_What to do_: All of the data should be given again word for word, though the images are to be left out.

_Exercise data_:
►
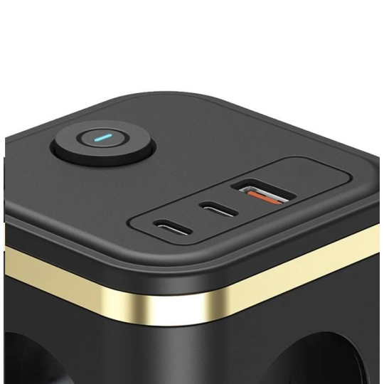 Viking síťový adaptér Y33, 3x 230 V, 1x USB-A, 2x USB-C, tlačítko ON/OFF, černá
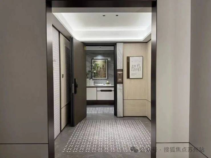 玄关处地面菱形拼花与电梯前室地面相呼应,不仅使空间更加富有层次,同时营造专属的入户尊崇感。
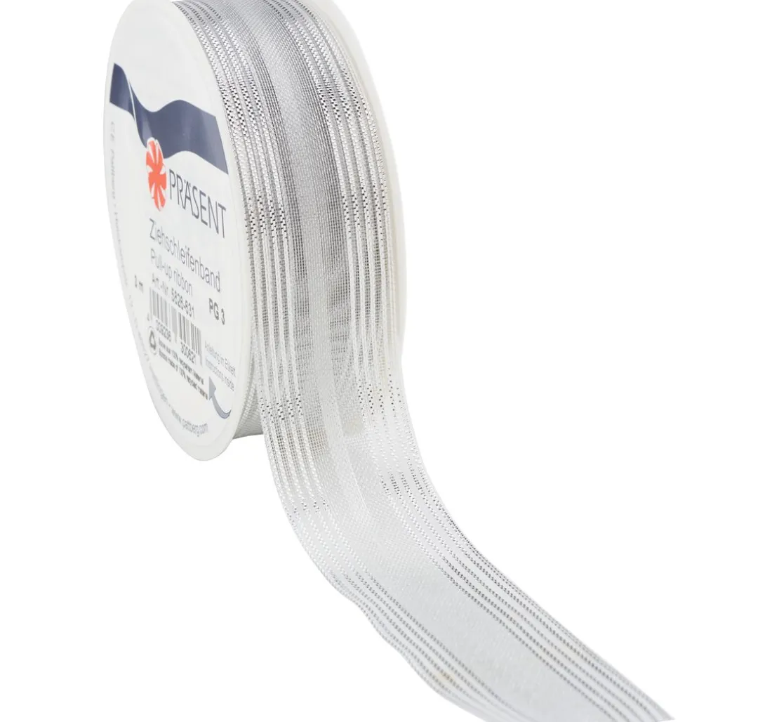 Im Handumdrehen Geschenkverpackungen effektvoll dekorieren – das gelingt mit dieser Ziehschleife „Astoria“. Es handelt sich um ein Band mit einer Breite von ca. 25 mm und einer Länge von ca. 3 m. Aus 100 % Polyester.
◄
_Answer below_:
 Viking síťový adaptér Y33, 3x 230 V, 1x USB-A, 2x USB-C, tlačítko ON/OFF, černá
 玄关处地面菱形拼花与电梯前室地面相呼应,不仅使空间更加富有层次,同时营造专属的入户尊崇感。
 Im Handumdrehen Geschenkverpackungen effektvoll dekorieren – das gelingt mit dieser Ziehschleife „Astoria“. Es handelt sich um ein Band mit einer Breite von ca. 25 mm und einer Länge von ca. 3 m. Aus 100 % Polyester.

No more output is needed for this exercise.